A recusa de algumas lojas varejistas em vender GTA 6 sem disco mostra que o varejo tradicional também sente o impacto. Sem o produto físico para expor na prateleira, a margem de lucro da loja muda, e o papel do varejo na cadeia se enfraquece.

A comparação com o vinil e o futuro das mídias

Zelnick usou o vinil como metáfora para explicar que o físico não desaparece por completo, mas vira nicho. No mercado de música, o vinil voltou a crescer entre colecionadores, mas representa uma fração do consumo total. A lógica para os jogos seria semelhante: edições especiais, colecionadores e um público que valoriza a posse física continuariam a existir, mas o grosso do mercado migraria para o digital.

A pergunta que fica é se o consumidor de jogos aceitará essa transição na mesma velocidade que aceitou na música. No caso de GTA 6, a resposta deve vir nas vendas. Se o título vender bem mesmo sem disco, a indústria terá um sinal claro de que o formato físico pode ser aposentado para grandes lançamentos.

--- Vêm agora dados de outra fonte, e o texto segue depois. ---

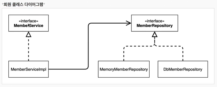 MemberServiceImpl → MemberRepository, MemoryMemberRepository ๋๊ฐ๋ค ์์กดํจ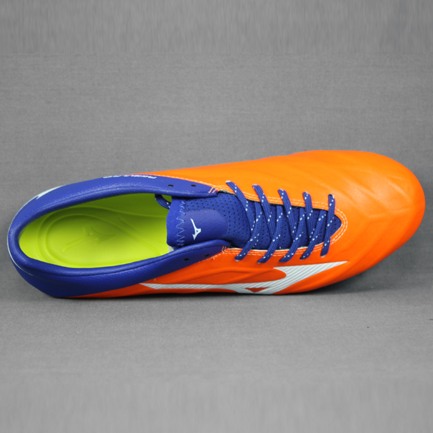 コントロールとスピードを併せ持つ「REBULA」第二世代、フィット感と軽量性をバランスよく併せ持ったマイクロファイバー採用のミドルモデル。アッパー内側のCTフレームが繊細なボールコントロールを実現。ミズノ独自機能「D-FLEX GROOVE」で高速ターン時の蹴り出しをサポート。足の横ズレを抑制するZEROGLIDEカップインソールを搭載。より繊細なボールタッチ・フィット感の向上を実現するタングバンドを採用。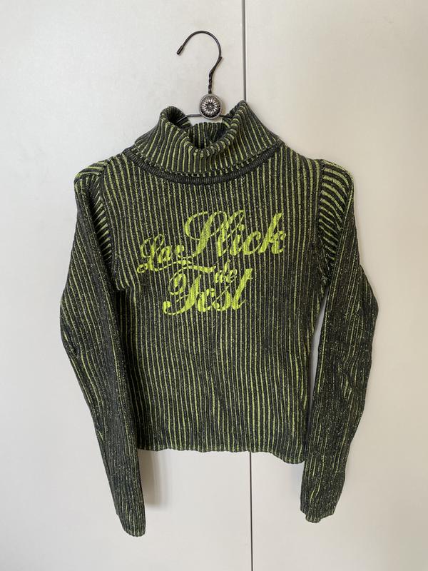 Свитер женский в рубчик, зеленого цвета. Размер М, с горлом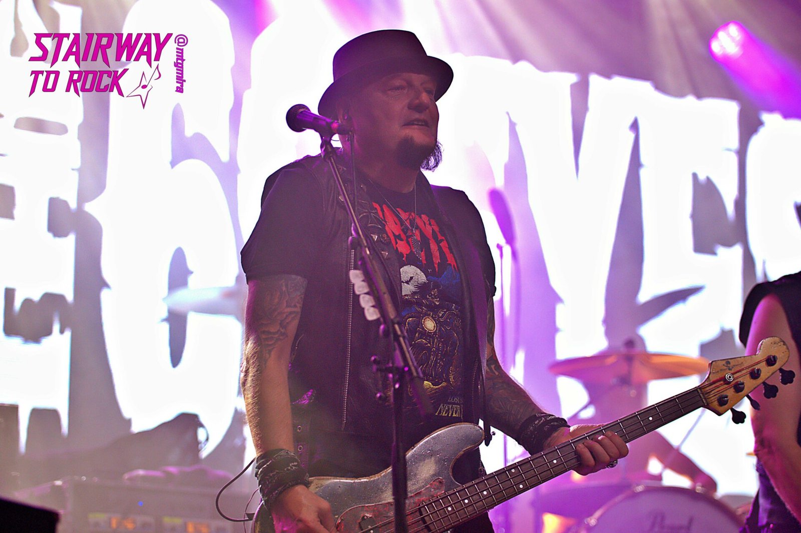 Empezó el cuarteto con 15 minutos de retraso, hecho por el cual dos temas de los previstos quedarían en el limbo y con la original introducción de la canción de “El lobo feroz”, que dio paso a que salieran los cuatro caballeros inimitables para ese “Jihad” que les puso en el mapa en los 80. Quienes no conocían a Jesper Binzer y compañía quedaron impresionados por los ropajes de directo y por el festival de bajos de Stig Pedersen, que ya en el primer tema, y armado con su bajo transparente, se encaramó en la batería de Laust. El nuevo disco Speed of Darkness estuvo bien representado con “1st, 2nd and 3rd”, pero el peso de los clásicos es absoluto y pronto optaron por recuperar el “Gil Nation”, otro temazo del No Fuel Left for the Pilgrims. Jugaron con parones y demostraron que esos coros REALES les elevan frente a muchísimas bandas.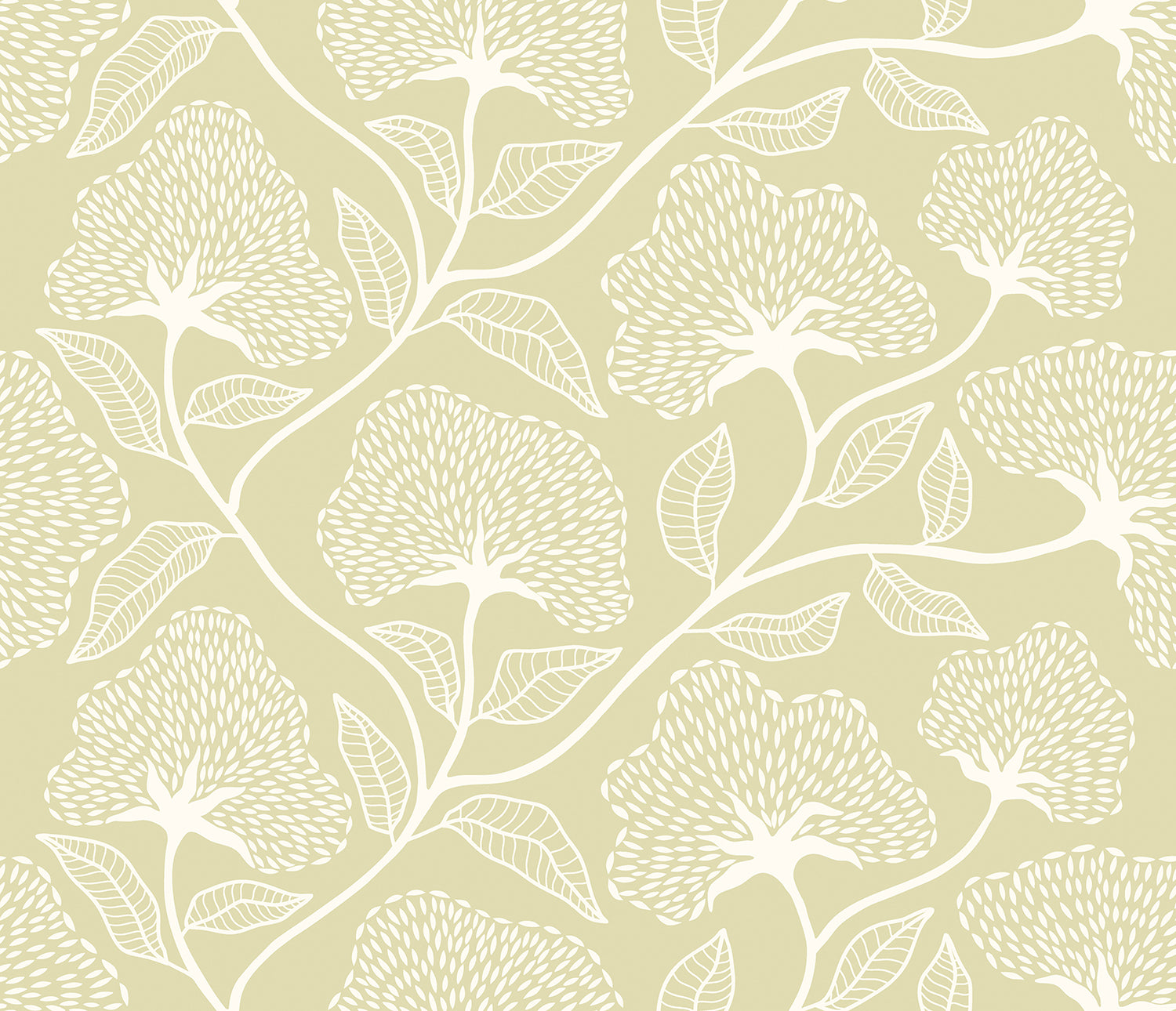 Delicate stems weave gently across the surface, dotted with soft leaves and stylized blooms drawn in fine dashes and minimal linework. With its light, two-tone palette and airy composition, this design creates a gentle sense of movement—calming, modern, and effortlessly elegant.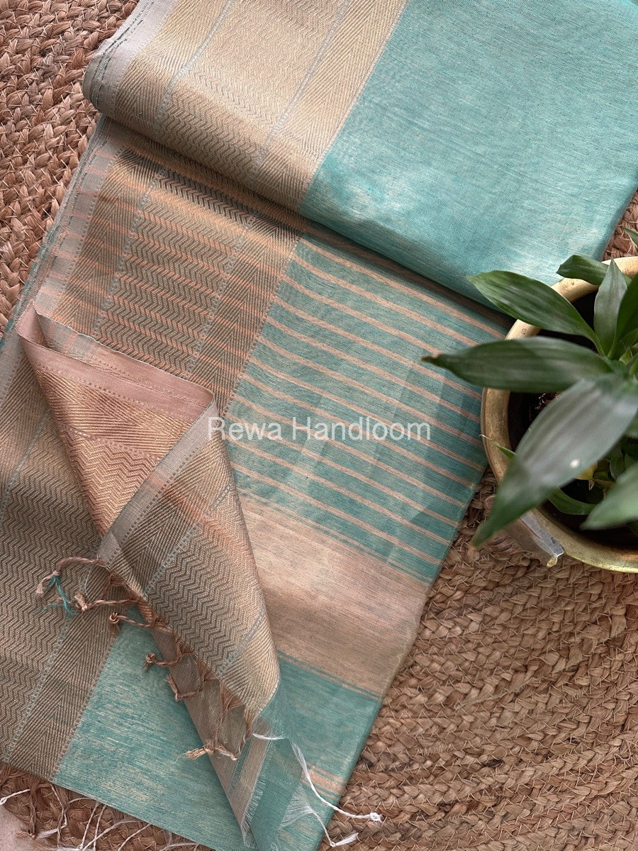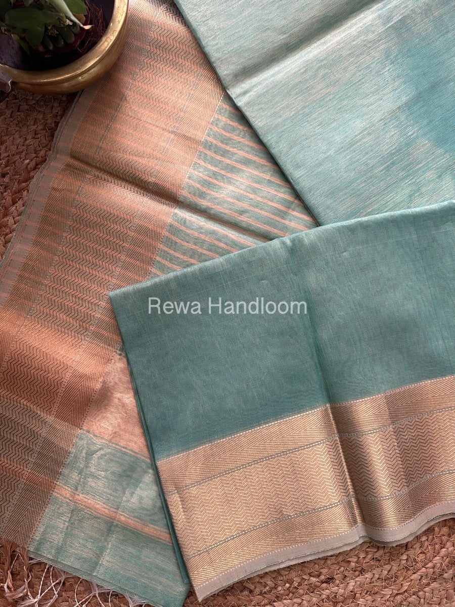 Maheshwari Aqua Green Tissue Silk Saree FTS06
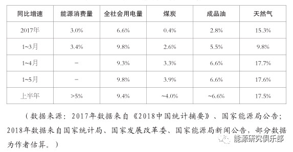 上半年国民经济延续稳中向好的发展态势,转型升级稳步推进▽,质量效益不断提升◁▽,经济增长的韧性、稳定性和可持续性不断增强●▪•。受宏观经济持续向好、○“冷冬+早夏”天气、环保督查等因素综合影响,2018年上半年能源消费延续了2017年的快速增长态势,电力、煤炭、天然气、成品油等主要能源品种均实现较快增长,二季度呈现“淡季不淡”特征▼…▽。初步估算,上半年全国能源消费同比增长超过5%(表 1),明显高于2017年全年增速◆。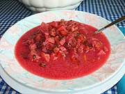 Wczorajsza pomidorówka, bób z masłem i dla chętnych chłodny kompot wiśniowy z makaronem.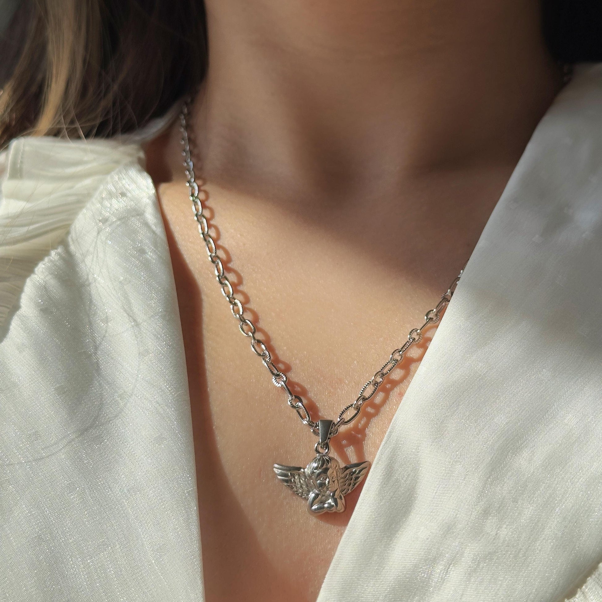 Add a celestial touch to your jewelry collection with this angel pendant necklace, featuring a delicate winged cherub and distinctive chain designs in gold and silver options. Perfect for those who love elegant yet meaningful accessories.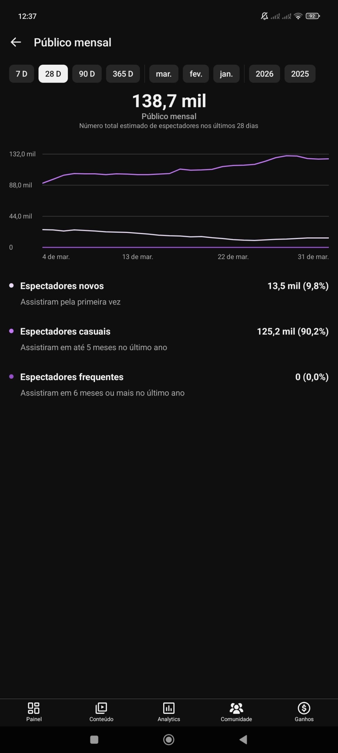 ✅ Base sólida de 192 mil inscritos reais, sem inflacionamento artificial.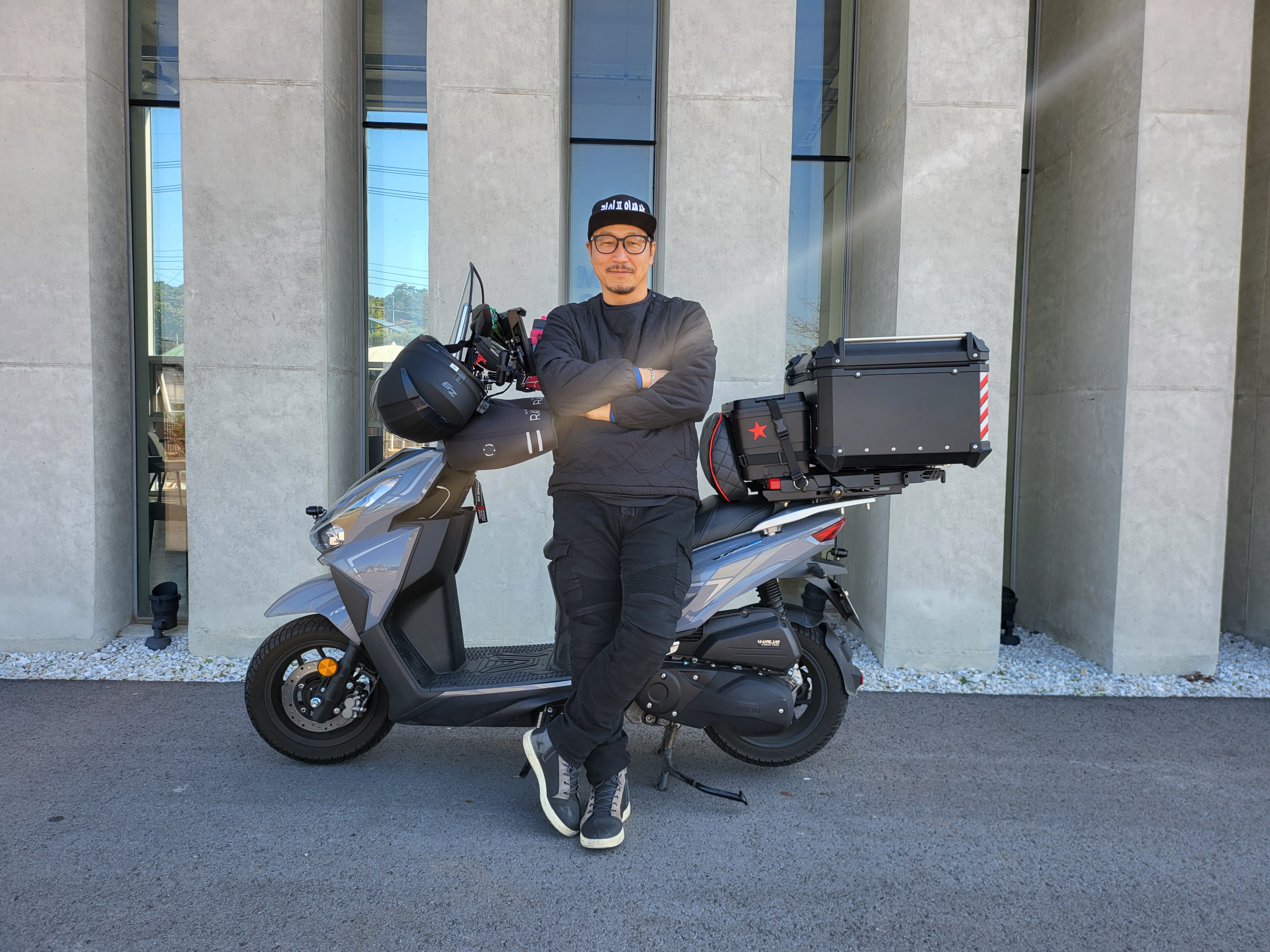 그때 그가 ‘바이크 화타’(그가 주치의처럼 신뢰하는 가와사키 천안점 사장)로 부르는 김청래 대표가 한솜모터스 VRS125를 추천했다. “슈퍼 커브만큼 가벼운데, 4밸브 엔진이라 장비를 싣고도 출력이 답답하지 않았습니다. 스로틀을 감을 때 엔진 필링도 좋고요”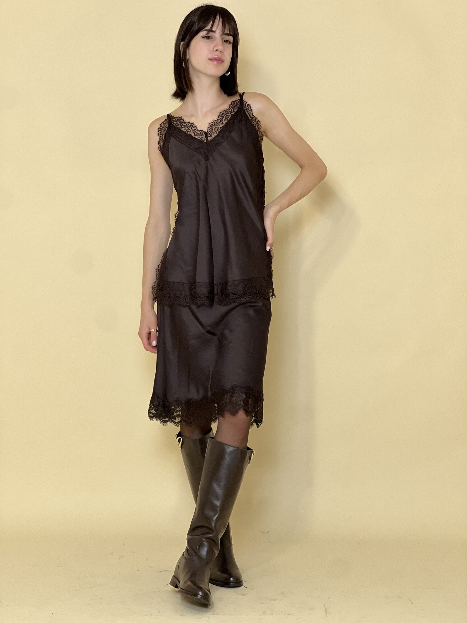 Canotta raso pizzo moro di Vicolo. Top a sottoveste con scollo a V e spalline sottili. Dettagli in pizzo tono su tono. Vestibilità morbida. Disponibile in moro, vinaccio e nero.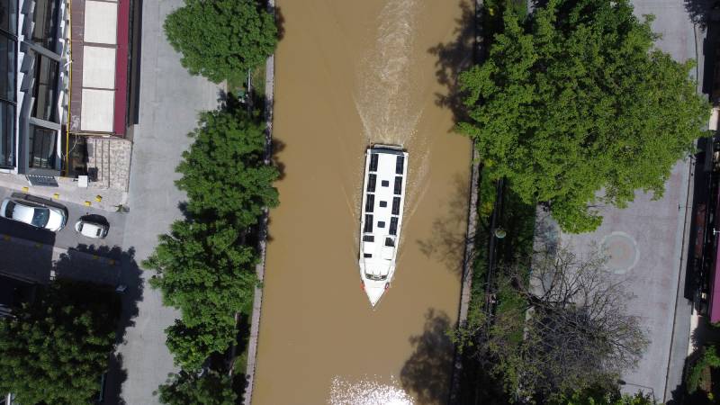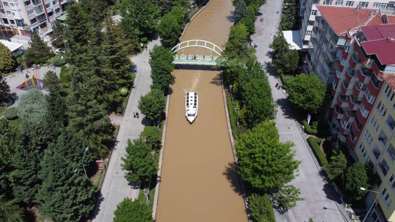 Rengi değişen çayda turistik amaçlı Esbot ve gondollarla yapılan turlar ise değişik görüntüler ortaya çıkardı.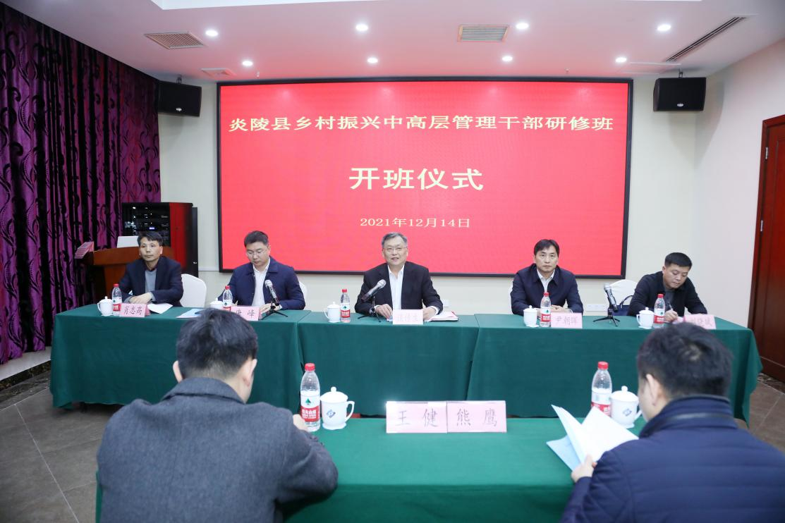 2021年12月14日,开云官网承办的“炎陵县乡村振兴中高层管理干部研修班”,在开云官网国际学术交流中心举行开班仪式。副校长谈传生出席开班仪式并致辞。炎陵县委书记尹朝晖,县委组织部长唐峰,县委常委、副县长刘晓斌,副县长肖志高,继续教育学院、建筑学院、设计艺术学院、成果转化中心等学院、部门负责人,及全体学员参加开班仪式。开班仪式由炎陵县委组织部长唐峰主持。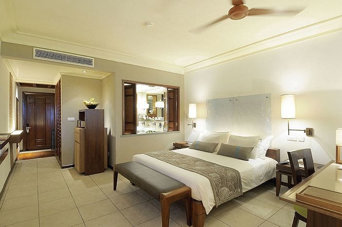 TheΒ Belle Mare Plage has 235 rooms and suites with five styles of accommodation ranging from contemporary suites to ocean villas to family villas. However every room has a sitting area, satellite TV, air-conditioning, minibar, internet access, and safe as well as a balcony or terrace. The bathrooms have separate bath, walk-in shower and double basins.

O que a decisão da Sony e da Take-Two indicam

A Sony já sinalizou o caminho ao encerrar a produção de discos físicos para PlayStation a partir de 2028. A Take-Two, ao lançar GTA 6 sem disco, age na mesma direção. A diferença é que a Take-Two ainda mantém a possibilidade de edições físicas pontuais, como Zelnick indicou.

Para o consumidor, a mensagem é prática: se você quer GTA 6, o download é o caminho. A caixa de plástico com um código dentro é, na visão da empresa, apenas um símbolo de transição. O incentivo financeiro, tanto para a Take-Two quanto para a Sony, é reduzir custos e empurrar o mercado para um modelo 100% digital.

Perguntas Frequentes

GTA 6 vai ter versão em disco físico?

A Take-Two não anunciou uma versão em disco físico para GTA 6. A "mídia física" do jogo vem apenas com um código de download em uma caixa de plástico, sem disco.

Por que algumas lojas se recusam a vender GTA 6?

Algumas lojas varejistas se recusam a vender GTA 6 devido à ausência de disco físico. O modelo de venda muda a lógica do varejo tradicional, que perde o produto para expor e revender.

O que Strauss Zelnick disse sobre discos físicos?

Ele afirmou que discos "não fazem muito sentido para o consumidor" em grandes jogos, citando que mais de 90% do negócio da Take-Two é digital e que o registro online é obrigatório na maioria dos casos.

A Sony vai parar de produzir discos físicos para PlayStation?

Sim, a Sony anunciou que vai encerrar a produção de discos físicos para jogos de PlayStation a partir de 2028. Zelnick evitou comentar diretamente a decisão, mas disse que a Sony entende a tendência do mercado.

Ainda haverá edições físicas de jogos no futuro?

Segundo Zelnick, sim, mas de forma pontual, como os discos de vinil no mercado de música. Ele afirmou que a Take-Two terá edições físicas "de vez em quando", mas que na maioria dos casos o formato físico não fará sentido.